Peter Thiel has officially walked away from ETHZilla. His Founders Fund offloaded $74.5M worth of ETH through the company, and SEC filings confirm they no longer hold any shares. This isn't just profit-taking—the situation runs deeper.
Remember, back in August this firm was a biotech called 180 Life Sciences? Then came the hard pivot: rebrand, all-in on an ETH treasury strategy. At their peak, they held over 100,000 coins. But the market turned, ETH dropped ~60% from its high, and holding became expensive. To cover convertible notes and fund buybacks, they had to sell. $40M gone in October, now another $74.5M.

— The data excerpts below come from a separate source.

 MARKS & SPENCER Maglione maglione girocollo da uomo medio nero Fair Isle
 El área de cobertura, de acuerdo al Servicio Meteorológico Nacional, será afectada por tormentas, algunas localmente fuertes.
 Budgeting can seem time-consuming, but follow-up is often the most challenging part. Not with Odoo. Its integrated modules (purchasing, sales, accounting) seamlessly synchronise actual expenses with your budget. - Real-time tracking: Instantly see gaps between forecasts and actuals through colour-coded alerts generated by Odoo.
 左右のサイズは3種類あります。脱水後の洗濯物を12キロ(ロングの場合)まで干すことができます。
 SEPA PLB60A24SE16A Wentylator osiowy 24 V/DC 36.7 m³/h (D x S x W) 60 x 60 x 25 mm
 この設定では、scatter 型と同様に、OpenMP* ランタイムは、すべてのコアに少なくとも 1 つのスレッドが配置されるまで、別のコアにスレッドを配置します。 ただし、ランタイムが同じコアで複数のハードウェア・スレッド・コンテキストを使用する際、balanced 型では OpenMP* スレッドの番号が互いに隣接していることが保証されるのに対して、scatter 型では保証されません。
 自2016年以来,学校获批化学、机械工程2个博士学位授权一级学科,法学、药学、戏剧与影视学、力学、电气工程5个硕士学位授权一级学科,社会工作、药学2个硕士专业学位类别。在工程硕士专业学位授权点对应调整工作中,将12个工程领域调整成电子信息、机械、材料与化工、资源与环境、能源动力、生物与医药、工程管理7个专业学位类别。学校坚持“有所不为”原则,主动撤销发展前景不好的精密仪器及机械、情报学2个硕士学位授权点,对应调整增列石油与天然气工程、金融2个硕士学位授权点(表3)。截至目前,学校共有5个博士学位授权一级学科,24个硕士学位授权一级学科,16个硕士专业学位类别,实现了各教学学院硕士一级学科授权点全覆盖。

The real story isn't the sale—it's where they're running to. ETHZilla just launched ETHZilla Aerospace, a subsidiary leasing jet engines. Basically, they're shifting from pure crypto holdings toward RWA (real-world assets). Feels like a hunt for stable cash flow when crypto volatility starts crushing your balance sheet. Honestly, jumping from biotech to aviation via crypto reads like a desperate search for a working model.

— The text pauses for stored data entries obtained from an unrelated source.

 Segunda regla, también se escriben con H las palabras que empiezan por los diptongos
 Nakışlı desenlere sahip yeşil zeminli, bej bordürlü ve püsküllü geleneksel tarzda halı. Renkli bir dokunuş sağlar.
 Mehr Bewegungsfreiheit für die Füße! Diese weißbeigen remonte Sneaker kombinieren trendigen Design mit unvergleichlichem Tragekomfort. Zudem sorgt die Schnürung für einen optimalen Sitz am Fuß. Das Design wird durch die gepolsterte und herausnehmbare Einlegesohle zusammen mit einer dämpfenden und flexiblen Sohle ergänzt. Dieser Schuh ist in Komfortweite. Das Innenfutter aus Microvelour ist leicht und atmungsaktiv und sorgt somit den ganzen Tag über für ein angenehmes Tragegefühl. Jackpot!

Thiel isn't commenting, but the signal is clear. Even big players aren't willing to ride out treasury drawdowns in a public company. The MicroStrategy playbook doesn't work for everyone. Here we see corporate plans reshape fast under price pressure. Biotech → Crypto → Aviation. Three business models in one year.
Feels like the idea of parking corporate reserves in altcoins is getting stress-tested—and results are mixed so far. Investors are getting cautious, and honestly, can you blame them? Crypto treasuries demand nerves of steel, especially when your stock trades on an exchange.
Do you think other companies will follow ETHZilla's lead and rotate out of crypto into real-world businesses?